We include support for SASL using all typical mechanisms: PLAIN, SCRAM-SHA-256, SCRAM-SHA-512. This is represented as another type of BrokerConnection that our Consumers and Producers recieve as a generic parameter. All that is needed is to provide the credentials.

Example for Producer using both TLS and SASL:

use samsa::prelude::*;

let tls_config = TlsConnectionOptions {
    broker_options: vec![BrokerAddress {
        host: "127.0.0.1".to_owned(),
        port: 9092,
    }],
    key: "/path_to_key_file".into(),
    cert: "/path_to_cert_file".into(),
    cafile: Some("/path_to_ca_file".into()),
};

let sasl_config = SaslConfig::new(String::from("myuser"), String::from("pass1234"), None, None);

let options = SaslTlsConfig {
    tls_config,
    sasl_config,
};

let topic_name = "atopic";

let s = ConsumerBuilder::<SaslTlsConnection>::new(
    options,
    TopicPartitionsBuilder::new()
        .assign(topic_name.to_owned(), vec![0])
        .build(),
)
.await
.unwrap()
.build()
.into_stream();

tokio::pin!(s);

while let Some(m) = s.next().await {
    tracing::info!("{:?} messages read", m.unwrap().count());
}

Examples

We provide high level examples for those interested in trying samsa out. The setup is as follows:

  1. Use docker-compose up to start your redpanda cluster.
  2. Go to http://localhost:8080/topics to view the redpanda console.
  3. Create a topic named my-topic with 4 partitions.

Producer

This one is good to run first to fill up your topic with data.

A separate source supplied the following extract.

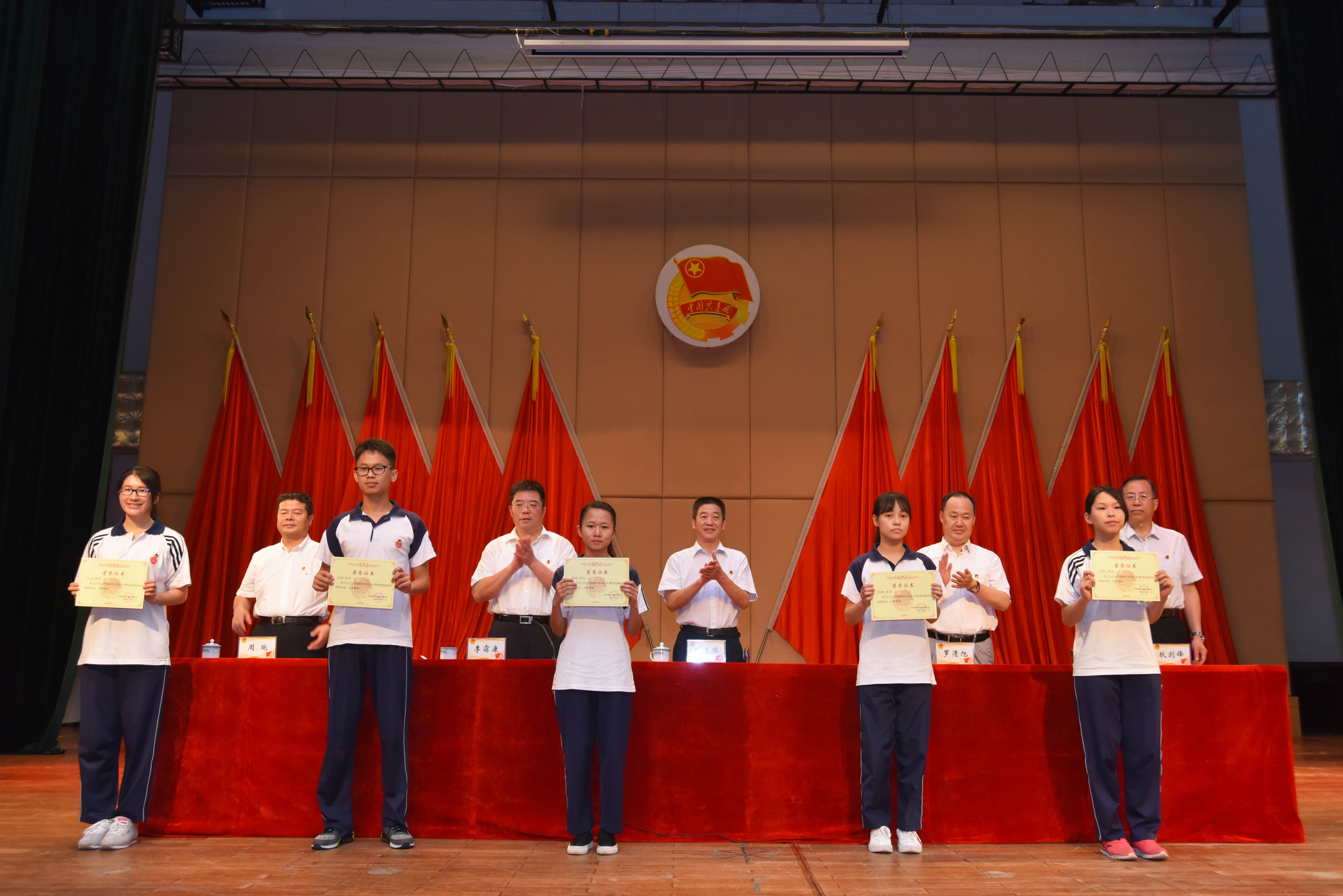 校團委副書記曾青云宣讀《共青團五邑大學委員會關于表彰2015—2016年度工作優秀集體和先進個人的決定》,授予信息工程學院、文學院、數學與計算科學學院團總支“五四紅旗團總支”稱號,授予28個單位“五四紅旗團支部”稱號;另有24人被評為“優秀共青團干部標兵”,25人被評為“優秀共青團員標兵”,105人被評為“優秀共青團干部”,721人被評為“優秀共青團員”。校領導為獲獎集體和個人代表頒獎。

  1. Run cargo run --example producer
  2. Visit http://localhost:8080/topics/my-topic to see data flowing in!

Consumer

Consume the messages in your topic.

  1. Run cargo run --example consumer
  2. Observe all the torrent of data in your terminal

ConsumerGroup

Coordinate a group of 4 consumers. This one is throttled to see the group rebalancing.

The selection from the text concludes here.